We consider it a compliment to say that somebody is "ahead of his time." In the hot rod and custom hobby, it can be a compliment to say that somebody is "after his time."
Gary "Chopit" Fioto, for example, is about 45 years after his time. His taste, talent, and the cars he builds at Chopit Kustoms all seem to pop right out of Rod & Custom magazines from the late '50s and early '60s, back when builders like Bill Hines, Bill Cushenbery, George Barris, Darryl Starbird, the Alexander brothers, and Ed Roth were taking custom cars far beyond imaginatively modified street cars, and elevating them onto a whole new level of wildly mutated show mobiles. Chopit, who has been turning out attention-getting show cars for several decades, would've fit right in with those guys.
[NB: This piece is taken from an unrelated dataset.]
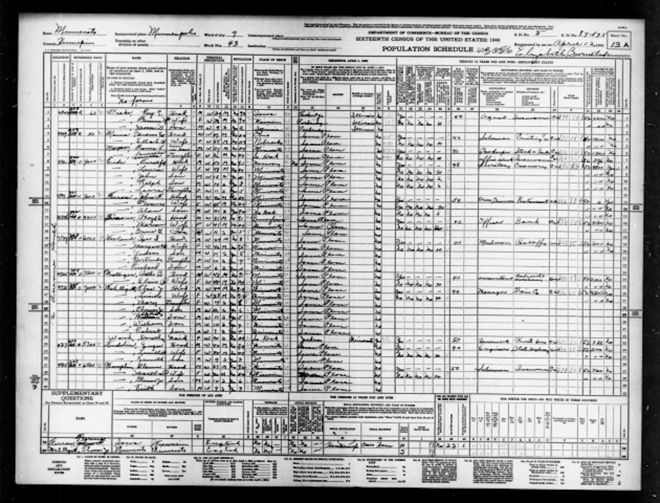 The census reports also revealed something about house values and relative affordability. In 1940, the Minneapolis house I now live in was valued at $9,000. Adjusted for inflation, that would be $138,371 in 2010 dollars. Even with the prolonged market downturn, the tax assessor says our house is worth more than twice that now, so that says something about the value of real estate in the extremely long term. The original homeowner earned $4,500 in 1940, exactly half the value of the home --.and about $69,000 in 2010 dollars. While now most of the people in neighborhood feel the need of two professional incomes, in 1940 families got by on one, and the most common professions were clerks, stenographers and insurance salesmen. Lots and lots of insurance salesmen.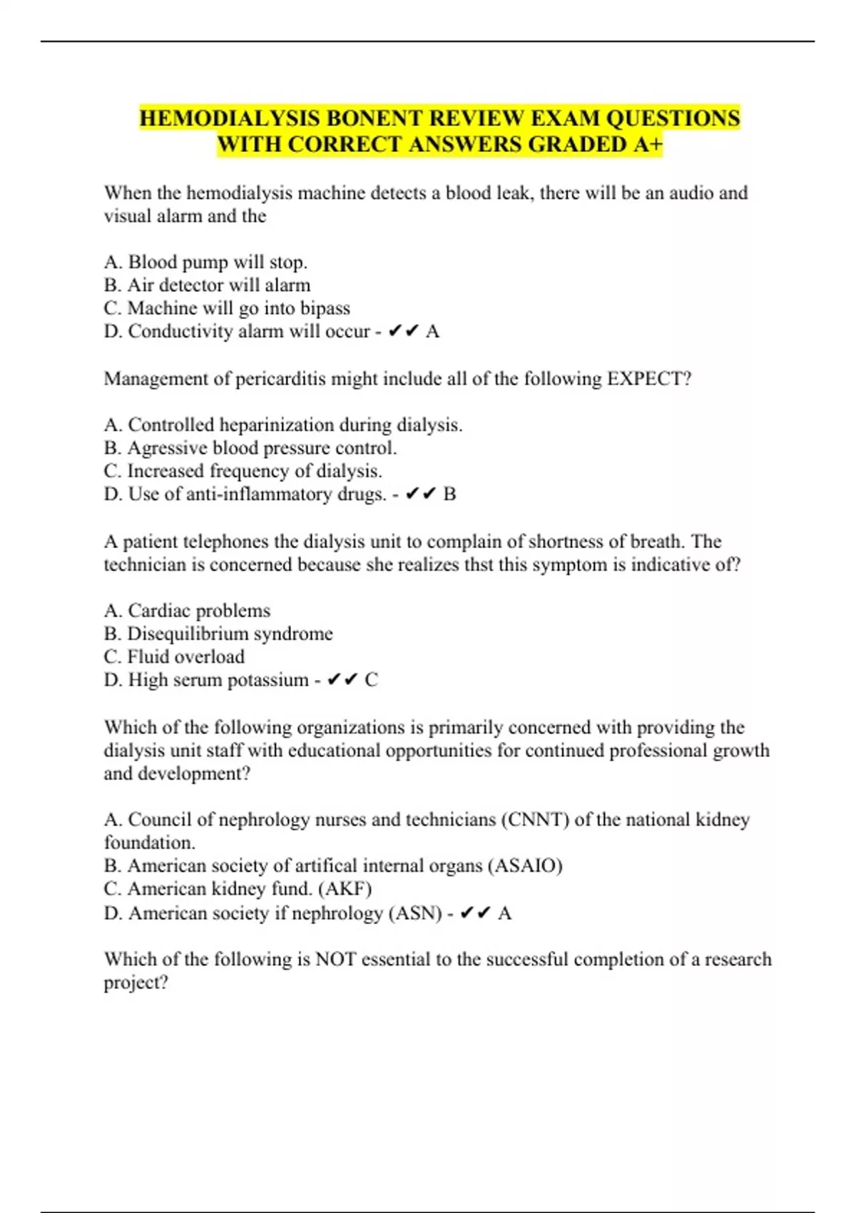 HEMODIALYSIS BONENT REVIEW EXAM QUESTIONS WITH CORRECT ANSWERS GRADED A+

Instead, he has become one of the leaders of a new wave of customizers bringing bubbletops, fins, and the tradition of kustoms "with a K" into the 21st century.
If that sounds like an exaggeration, then you haven't been keeping track of the awards his retro-styled kustom '55 Ford, nicknamed Beatnik, has won at the Grand National Roadster Show, the Detroit Autorama, the Fresno Autorama, the Sacramento Autorama, Darryl Starbird's Tulsa show, Carl Casper's Louisville show, Paso Robles, and every other event to which the famous bubbletop has been. "I found the car sitting in some lady's driveway" is how Gary begins the story. "After bringing it back to my shop and cutting out the rust, there was nothing actually left of the car." Over the next four years, the car would move further and further from its former identity as a '55 Ford. The transition began with the chassis and floor panels from a stripped-down '88 Lincoln Town Car and continued in a million different directions.
Since most of the 1955 factory sheetmetal had been reduced to dust, Gary had to hand-form the body panels, using a dozen 4x8 sheets of 18-gauge steel. Gary doesn't work from concept illustrations and he obviously had no photo of a stock '55 Ford handy, so his final result is completely a product of his own imagination.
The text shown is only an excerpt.